Mutations within the structural gene of ampD can lead to AmpC overproduction and increases in beta-lactam MICs in organisms with an inducible ampC. However, identification of mutations alone cannot predict the impact that those mutations have on AmpD function. Therefore, a model system was designed to determine the effect of ampD mutations on ceftazidime MICs using an AmpD(-) mutant Escherichia coli strain which produced an inducible plasmid-encoded AmpC. ampD genes were amplified by PCR from strains of E. coli, Citrobacter freundii, and Pseudomonas aeruginosa. Also, carboxy-terminal truncations of C. freundii ampD genes were constructed representing deletions of 10, 21, or 25 codons. Amplified ampD products were cloned into pACYC184 containing inducible bla(ACT-1)-ampR. Plasmids were transformed into E. coli strains JRG582 (AmpD(-)) and K-12 259 (AmpD(+)).
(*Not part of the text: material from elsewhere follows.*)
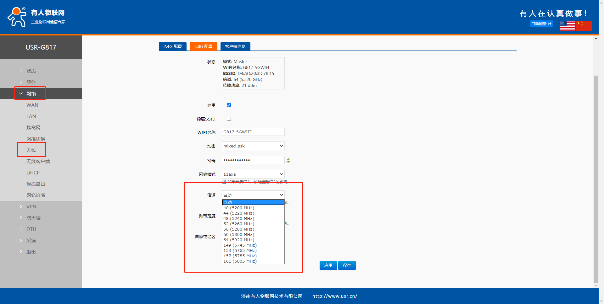 2、進入G817內置網頁后在網絡---無線---點擊2.4G/5.8G---信道選擇現場環境想對空白的信道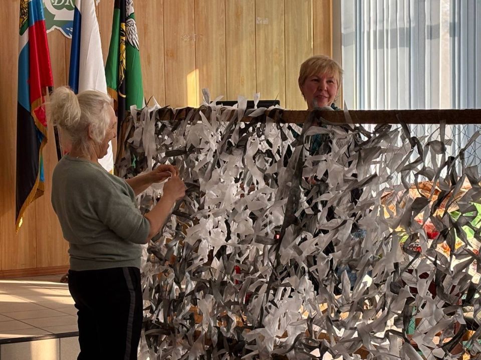 Ктото аккуратно отмеряет и нарезает ленты на раскройном столе, ктото готовит основу будущей сети, а другие вплетают полоски в ячейки. Эти сети используются для укрытия боевой техники и блиндажей — и женщины понимают, что в каждом узелке, в каждом вплетённом стежке заключена их забота, любовь и надежда на скорейшее возвращение наших ребят домой.

The strains were evaluated for a derepressed phenotype using ceftazidime MICs. Some mutated ampD genes, including the ampD gene of a derepressed C. freundii isolate, resulted in substantial decreases in ceftazidime MICs (from >256 microg/ml to 12 to 24 microg/ml) for the AmpD(-) strain, indicating no role for these mutations in derepressed phenotypes. However, ampD truncation products and ampD from a partially derepressed P. aeruginosa strain resulted in ceftazidime MICs of >256 microg/ml, indicating a role for these gene modifications in derepressed phenotypes. The use of this model system indicated that alternative mechanisms were involved in the derepressed phenotype observed in strains of C. freundii and P. aeruginosa. The alternative mechanism involved in the derepressed phenotype of the C. freundii isolate was downregulation of ampD transcription.